0

Description

I am running a python code using scikit-learn machine learning algorithm where the size of the input table is close to 100GB. Please check the error message below:-->

Traceback (most recent call last):
File "/home/sasdemo/python/pipeline.py", line 130, in
Loading data from /XIVData/eecteam/casData/imsimDatalabel_10M.csv
Loading completed in 1560.0 seconds
##################
DecisionTreeRegressor
##################
Start time = Mon Oct 30 07:35:48 2017
min_samples_leaf=min_leaf_size), 'y')
File "/home/sasdemo/python/pipeline.py", line 74, in train_model
model.fit(X_train[predictors], X_train[target])
File "/opt/anaconda2/lib/python2.7/site-packages/sklearn/tree/tree.py", line 1029, in fit
X_idx_sorted=X_idx_sorted)
File "/opt/anaconda2/lib/python2.7/site-packages/sklearn/tree/tree.py", line 122, in fit
X = check_array(X, dtype=DTYPE, accept_sparse="csc")
File "/opt/anaconda2/lib/python2.7/site-packages/sklearn/utils/validation.py", line 382, in check_array
array = np.array(array, dtype=dtype, order=order, copy=copy)
**MemoryError**

The code reads a csv input file, creates a Pandas dataframe. Further, when you call the algorithm/modeling technique to create a model using the following statement, it internally tries to create a 'numPy' array which fails with memory issue while creating copy from Pandas dataframe.

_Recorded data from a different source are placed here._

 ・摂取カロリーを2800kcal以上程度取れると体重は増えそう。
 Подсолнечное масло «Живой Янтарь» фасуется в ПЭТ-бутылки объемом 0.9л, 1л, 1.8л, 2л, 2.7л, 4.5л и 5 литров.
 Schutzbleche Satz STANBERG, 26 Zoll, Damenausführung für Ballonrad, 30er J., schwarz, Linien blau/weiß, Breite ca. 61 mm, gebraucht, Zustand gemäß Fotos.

model.fit(X_train[predictors], X_train[target])

This issue occurs when you use any machine learning algorithm.

Would request experts to help me solidify my understanding of the issue. Any additional thoughts or recommendations or referenced would be appreciated.

Python/Anaconda version used -- Python 2.7.13 :: Anaconda 4.3.1 (64-bit)

  • 1
    Do you have more than 100GB ram or why would you expect to be able to work with such a big file? – MB-F Nov 07 '17 at 12:17
  • I have 384GB RAM available on the system. – Rajesh Naidu Nov 08 '17 at 09:26
  • Ok, so the file fits into memory but you need to avoid temporary copies (which is not always possible with off-the-shelf functions). I would try to avoid Pandas and load the data directly into a numpy array ([see here](https://stackoverflow.com/questions/3518778/how-to-read-csv-into-record-array-in-numpy)). Also pay attention to data types. If the file contains only small integers and something converts them to float it may multiply the memory consumption. – MB-F Nov 08 '17 at 09:58
  • Thanks for the inputs. I will try this and see if it works – Rajesh Naidu Nov 08 '17 at 13:03

0 Answers0